There is a curious mixture of odours in the room that have fused into each other and morphed into something that cannot be traced back to its source. His head tilts up in my direction as a snake but retreats without any acknowledgement of my presence. I doubt he has showered even once this past week. I pick up the rotten cup of moldy tea leaves and the clothes that were piled up on the floor beside the mattress. I take a glimpse of his face which is shielded from the sunlight forcing its way into the decrepitude of the room by his right hand with the little guitar tattoo on it. Suddenly overpowered by an urge to run away, I scurry out of the room, shouting “I’ll be back soon,” more to myself than to him.
I take some seeds from the kitchen and feed the birds on my way out. As I begin walking, several thoughts inundate my mind, demanding to be heard. I push them back and focus on how my chest heaves and falls with every step I take. After what feels like hours, I see it- the sign.
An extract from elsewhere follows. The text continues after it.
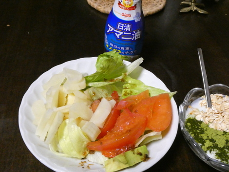 今日はサラダに市販のドレッシングではなく、オリーブオイル+塩コショウでサラダに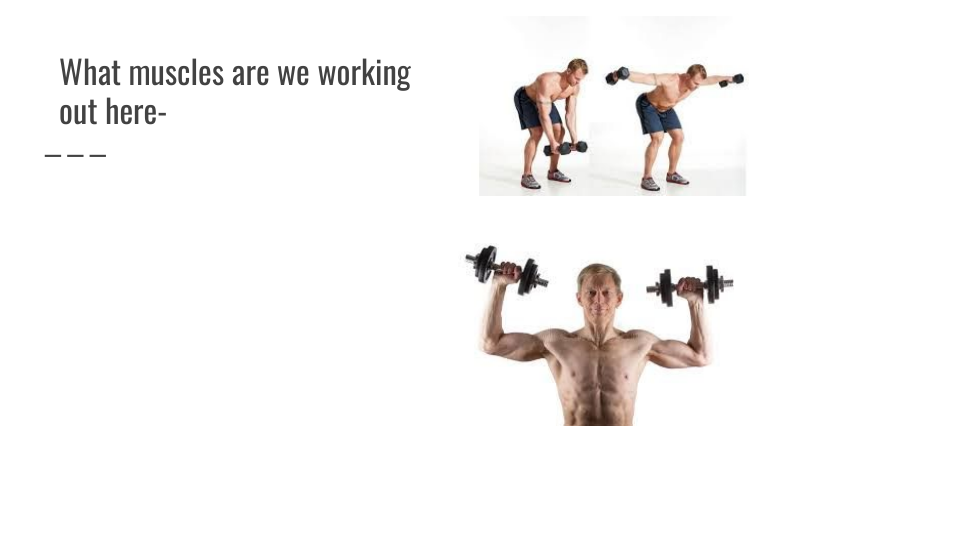 See if you can remember the names of the major arm muscles. If not go back to the previous slides for help. List those muscles being used in the pictures.

And I know it has only been minutes because I know how far the sign is from our house and I know that even if it didn’t have a concrete form, it would still be there. Far enough to give us an illusion of security and close enough to break it.
This sign is an advertisement- an old one, twenty years to be precise. It has been ravaged by moths and woodlice making the cheap paint chip away in more places than I can count. I notice it is a little further than it was the last time I saw it, almost embedded into the forest which stretches on two sides along the road. I picture people pushing it further every day, a little imperceptible push like you would give a nervous child before his first stage performance. I almost laugh out loud at the ridiculousness of it. Why not uproot it, burn it down, bury it, destroy it once and for all? What are they afraid of? Certainly not my father who is too weak to get up from his mattress. And more certainly not me, a nobody, a recluse, a cast-off.
The sign features my mother and father together wearing sequined clothes and overenthusiastic smiles and pointing to a new album featuring themselves. That was before all the hell unleashed. All I can see are two young people, very much in love, and making their dreams come true. And they did. At least for a little while. “One-hit wonders” they called them. That was before my mother overdosed and my father spiralled into more and more nothingness with each passing year.
Now we live off his royalty money and the advance a publisher gave us last year to write a book which I am ghost-writing for him. It’s turning out to be quite good in my opinion. It is written in first person and I sometimes include details that I craved for myself during my childhood. I paint elaborate pictures of him and my mother, lying on beaches and tanned and salty-haired; dreaming in each others’ arms under the starry sky of Paris; happy and running through fields of wildflowers. They are not true. But I know the people won’t care. People hardly want the truth.
As I see the dark sky encroaching, I start my journey back to the house. I find him in the same way as I left him. I take out the fresh pile of laundry from the dryer. After putting on some water for evening tea, I sit down to write the book. I search and search but nothing comes to me. This happens to me sometimes. I close my eyes and picture it. The sign and the forest around it. The forest, ever-growing and wild and unstoppable. How long till it eats the sign whole? How long till it claims it as one of its own? Has it already begun?